Было непонятно, но кто своей башкой допер, кому серые листочки «Окопной правды» пояснили что к чему.
И вот – семнадцатый.
И вот закружило!
Сперва – к чертям «ваше благородие», а запросто, по-человечески: «господин штабс-капитан», «господин полковник». Оклемавшись маленько, взялись с господ генералов погоны золотые рвать, а то так и к стенке, на распыл. Случалось.
С красными бантами на беспогонных кителях – оратели, новая напасть. Лозунги пошли: «До победного конца», про Учредительное собрание и прочие. Однако не поддавались, стояли на своем, потому что лозунг солдату выходил единственно такой: к чертовой матери!
И – айда ко двору.
А дома…
Ну, тут разное бывало. Кто, озверев от фронтовой канители, от бесполезного сидения в окопах, кинулся к земле, к хозяйству, махнул рукой на все – пропади она пропадом, эта, так ее и растак, политика!
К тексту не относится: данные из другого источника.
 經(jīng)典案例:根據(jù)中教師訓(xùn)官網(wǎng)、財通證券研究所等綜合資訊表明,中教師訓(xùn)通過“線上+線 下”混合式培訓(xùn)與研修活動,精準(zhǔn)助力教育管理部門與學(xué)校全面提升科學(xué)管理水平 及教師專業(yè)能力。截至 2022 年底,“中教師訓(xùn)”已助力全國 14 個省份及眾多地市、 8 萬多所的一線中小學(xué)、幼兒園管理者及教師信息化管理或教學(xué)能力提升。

Тут сарай завалился, баба без мужика извелась в отделку, пашня неухожена, зачерствела, ребятенки пообносились, голые…
И уходили по колени, по пояс, по грудь – в землю, в деревенские заботы, в мужицкие дела, зачуравшись от всего, не глядя за околицу – что там за нею.
А кто, приветствуя новую жизнь, сообразив, что не на блюде с расшитым рушником преподнесут ее блага, наскоро залатав крышу избенки, рассохой подперев завалившийся угол сарая, шел в военный комиссариат, верстался в молодую Красную Армию, дабы собственной рукой строить новый мир.
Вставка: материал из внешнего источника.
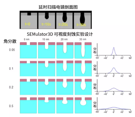 圖3:模擬實(shí)驗(yàn)設(shè)計(jì)與延時(shí)SEM的比較。模擬實(shí)驗(yàn)設(shè)計(jì)使用了恒定刻蝕量和不同的角分散(高斯分布的標(biāo)準(zhǔn)差),進(jìn)行模擬并顯示增量材料刪除步驟失效。右側(cè)的直方圖說明了角度分布與軟件中數(shù)值設(shè)置的相關(guān)性(不按比例)??涛g工藝的實(shí)際角分散是通過找到與刻蝕輪廓最匹配的模擬實(shí)驗(yàn)設(shè)計(jì)結(jié)果來確定的。

B числе последних был и тот, о ком рассказывали собранные в папке документы.
Иван Распопов
Собственно, это была только внешность жизни крестьянина Зареченского уезда Комарихинской волости села Старая Комариха Распопова Ивана Павловича.
Жизни, отраженной в казенных бумажках – актах, справках, донесениях, протоколах допросов по делу об убийстве старокомарихинского предкомбеда и четверых бойцов из продотряда товарища Попешко.
Кроме того тут были две фотографии Ивана. На одной – солдат царской действующей армии: руки по швам, грудь колесом, два Егорья на тесной куцей гимнастерке. На другой – лихой боец, рубака, островерхий шлем со звездой, кавалерийская шашка меж колен и руки гордо положены на эфес. Орден на банте украшает могучую грудь.
Герой!
Справка-характеристика из воинской части, где служил: «Дисциплинирован, исполнителен, в боевых действиях находчив и отважен».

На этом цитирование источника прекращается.